• Goal of the exercise
Among the entries below, copy only the span from the line containing "关于举办山东省临床实验室管理" through the line containing "앞서 언급된 연사 외에도". Do so exactly, and skip the pictures.

• Data for review
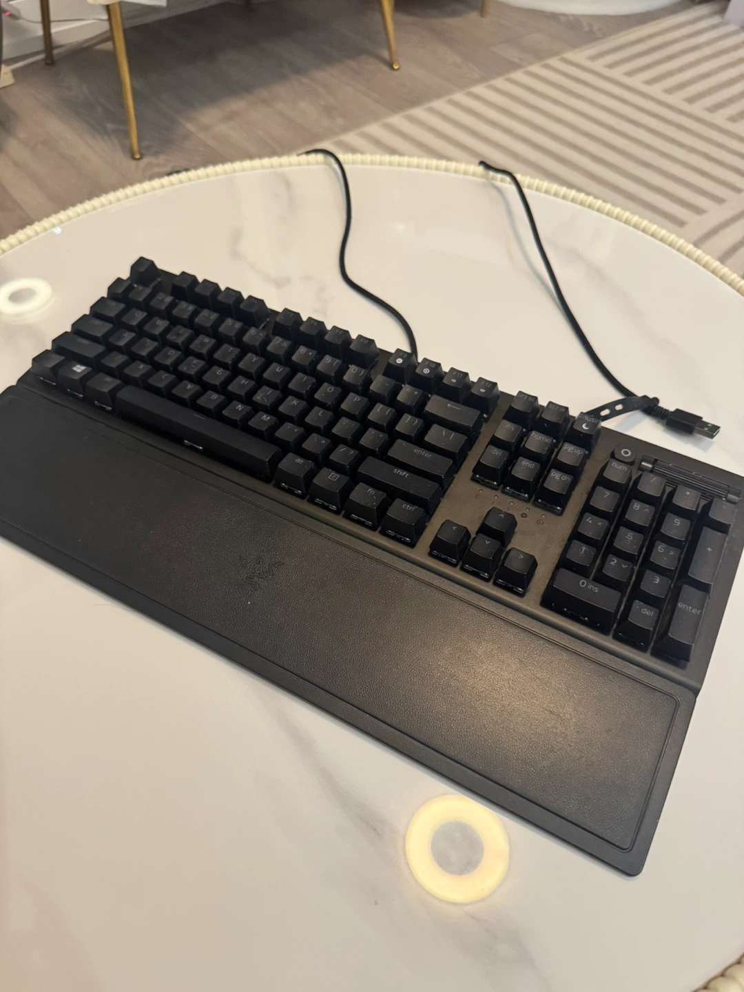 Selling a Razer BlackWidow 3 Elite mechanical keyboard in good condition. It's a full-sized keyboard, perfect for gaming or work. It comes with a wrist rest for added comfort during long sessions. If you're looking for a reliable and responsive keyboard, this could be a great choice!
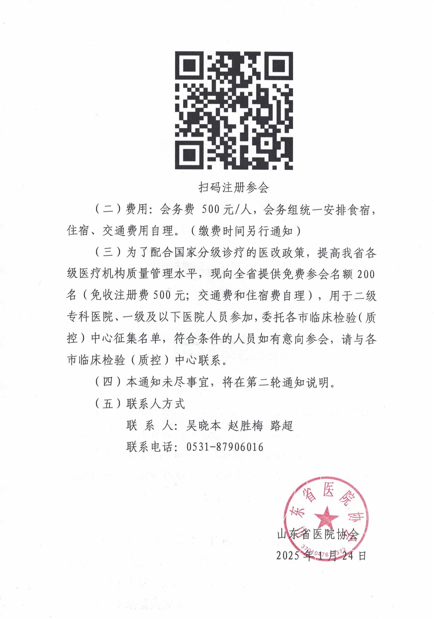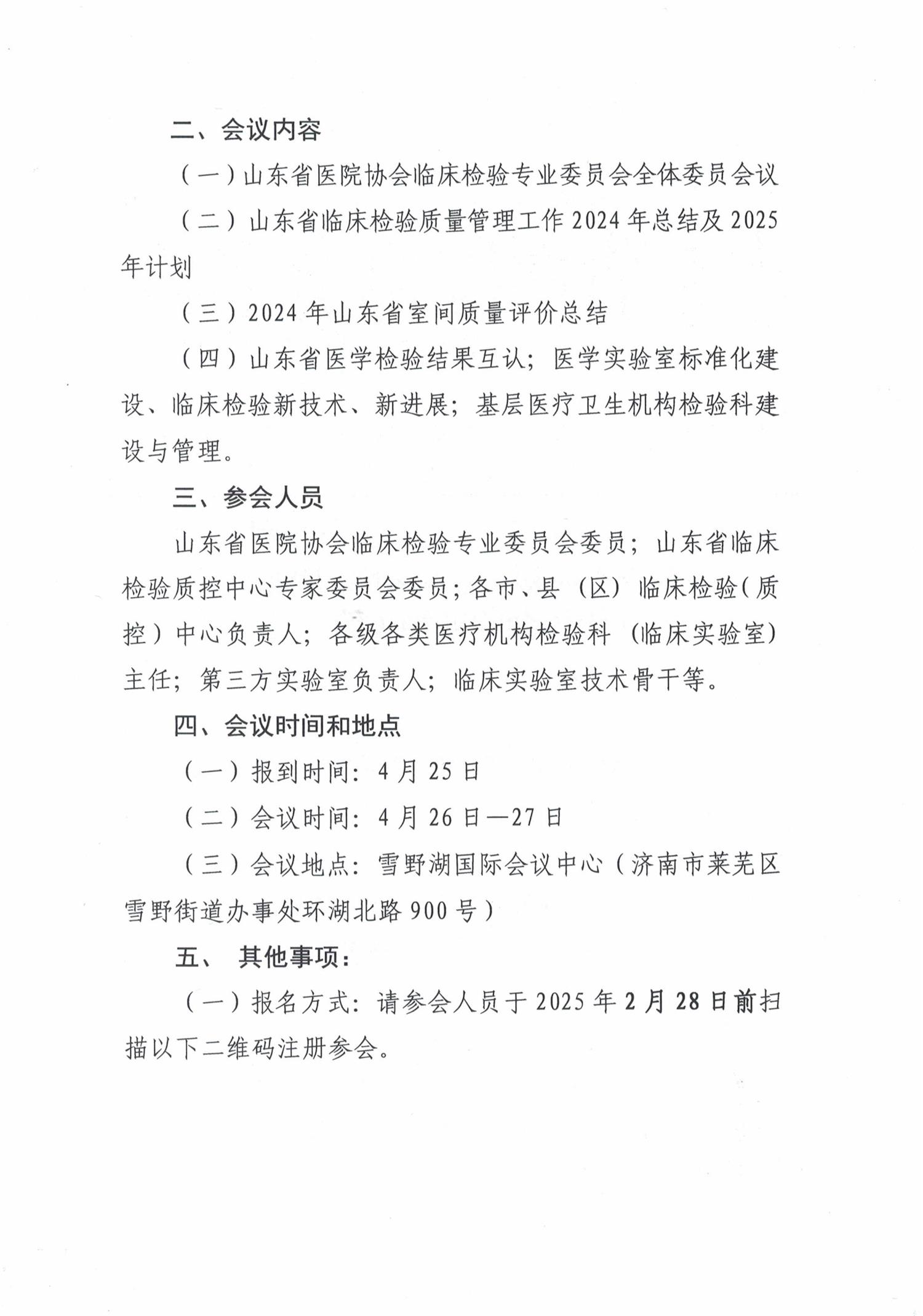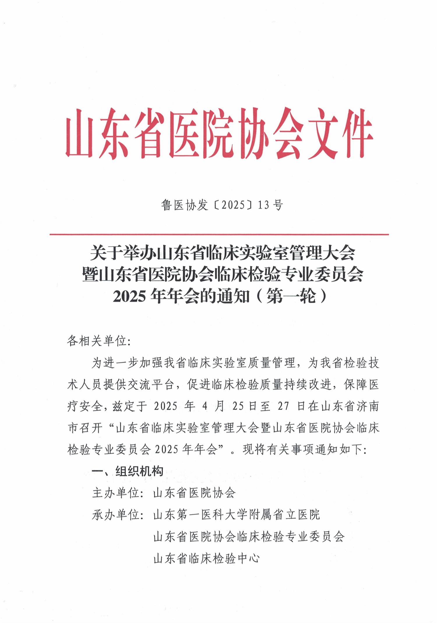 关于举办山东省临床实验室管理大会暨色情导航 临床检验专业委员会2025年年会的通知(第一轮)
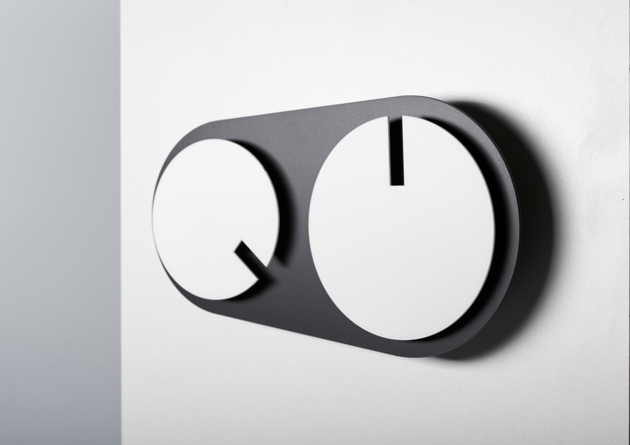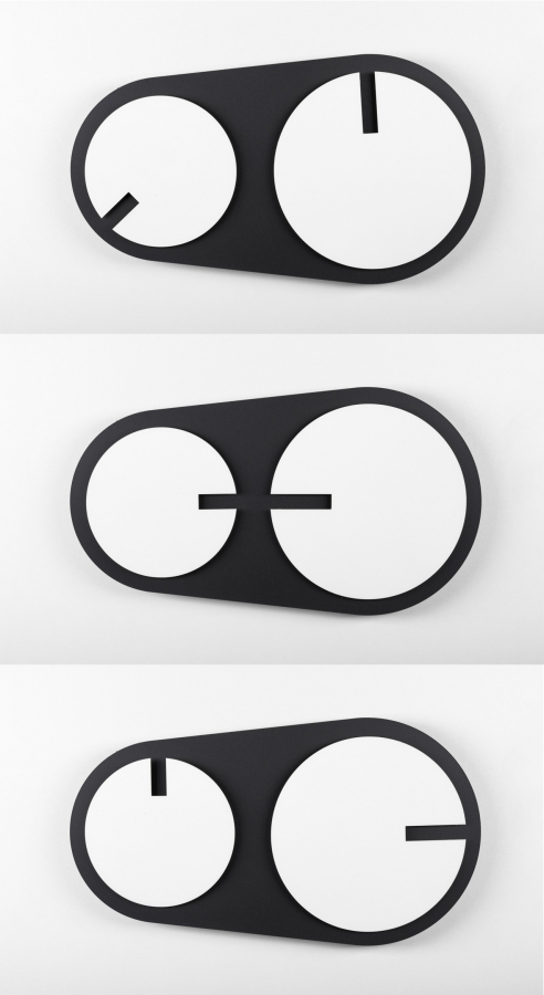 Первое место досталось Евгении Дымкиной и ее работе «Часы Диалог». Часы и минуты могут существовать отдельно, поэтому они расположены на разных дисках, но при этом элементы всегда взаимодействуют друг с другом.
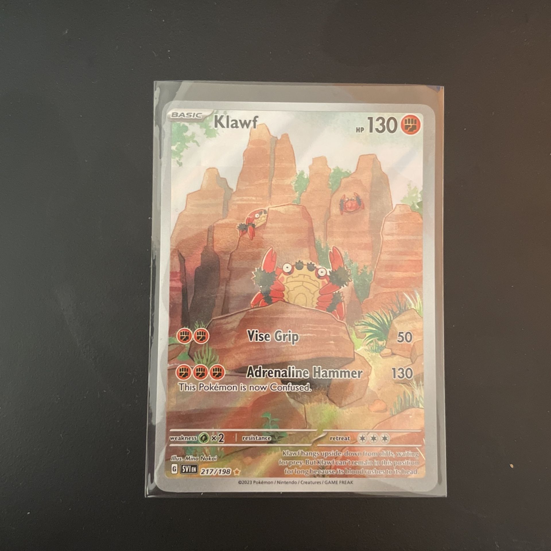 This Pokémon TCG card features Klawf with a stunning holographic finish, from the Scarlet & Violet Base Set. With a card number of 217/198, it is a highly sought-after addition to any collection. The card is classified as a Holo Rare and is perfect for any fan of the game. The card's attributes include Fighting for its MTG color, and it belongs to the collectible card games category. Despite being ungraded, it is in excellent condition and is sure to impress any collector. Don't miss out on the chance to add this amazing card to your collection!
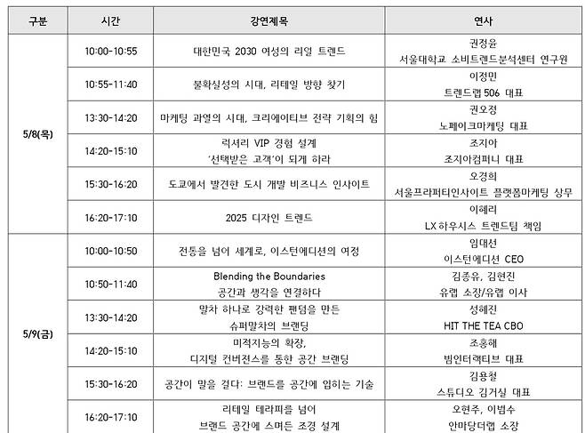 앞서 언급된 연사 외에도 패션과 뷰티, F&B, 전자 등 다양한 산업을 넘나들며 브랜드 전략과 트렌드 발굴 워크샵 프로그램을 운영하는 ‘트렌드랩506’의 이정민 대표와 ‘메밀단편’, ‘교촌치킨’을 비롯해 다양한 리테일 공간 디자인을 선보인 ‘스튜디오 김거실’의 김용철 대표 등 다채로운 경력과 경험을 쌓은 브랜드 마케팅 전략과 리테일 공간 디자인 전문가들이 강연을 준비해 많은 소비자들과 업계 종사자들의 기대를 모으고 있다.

==

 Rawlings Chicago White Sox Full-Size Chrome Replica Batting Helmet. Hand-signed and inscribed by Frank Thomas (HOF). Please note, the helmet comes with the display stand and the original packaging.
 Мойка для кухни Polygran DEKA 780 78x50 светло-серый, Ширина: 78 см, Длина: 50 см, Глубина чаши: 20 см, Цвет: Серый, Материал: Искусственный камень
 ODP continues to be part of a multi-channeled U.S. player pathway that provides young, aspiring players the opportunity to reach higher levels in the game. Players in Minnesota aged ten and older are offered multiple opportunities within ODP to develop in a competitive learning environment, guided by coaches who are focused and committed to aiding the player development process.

==

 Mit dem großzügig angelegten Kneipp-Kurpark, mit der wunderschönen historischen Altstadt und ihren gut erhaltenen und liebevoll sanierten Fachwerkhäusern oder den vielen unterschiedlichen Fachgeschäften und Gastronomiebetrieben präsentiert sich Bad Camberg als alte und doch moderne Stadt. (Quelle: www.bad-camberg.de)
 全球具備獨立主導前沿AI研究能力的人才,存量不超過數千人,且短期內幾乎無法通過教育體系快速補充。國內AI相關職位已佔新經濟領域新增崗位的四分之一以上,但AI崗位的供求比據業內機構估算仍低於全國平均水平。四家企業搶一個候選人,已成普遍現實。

• Response box
 关于举办山东省临床实验室管理大会暨色情导航 临床检验专业委员会2025年年会的通知(第一轮)
 Первое место досталось Евгении Дымкиной и ее работе «Часы Диалог». Часы и минуты могут существовать отдельно, поэтому они расположены на разных дисках, но при этом элементы всегда взаимодействуют друг с другом.
 This Pokémon TCG card features Klawf with a stunning holographic finish, from the Scarlet & Violet Base Set. With a card number of 217/198, it is a highly sought-after addition to any collection. The card is classified as a Holo Rare and is perfect for any fan of the game. The card's attributes include Fighting for its MTG color, and it belongs to the collectible card games category. Despite being ungraded, it is in excellent condition and is sure to impress any collector. Don't miss out on the chance to add this amazing card to your collection!
 앞서 언급된 연사 외에도 패션과 뷰티, F&B, 전자 등 다양한 산업을 넘나들며 브랜드 전략과 트렌드 발굴 워크샵 프로그램을 운영하는 ‘트렌드랩506’의 이정민 대표와 ‘메밀단편’, ‘교촌치킨’을 비롯해 다양한 리테일 공간 디자인을 선보인 ‘스튜디오 김거실’의 김용철 대표 등 다채로운 경력과 경험을 쌓은 브랜드 마케팅 전략과 리테일 공간 디자인 전문가들이 강연을 준비해 많은 소비자들과 업계 종사자들의 기대를 모으고 있다.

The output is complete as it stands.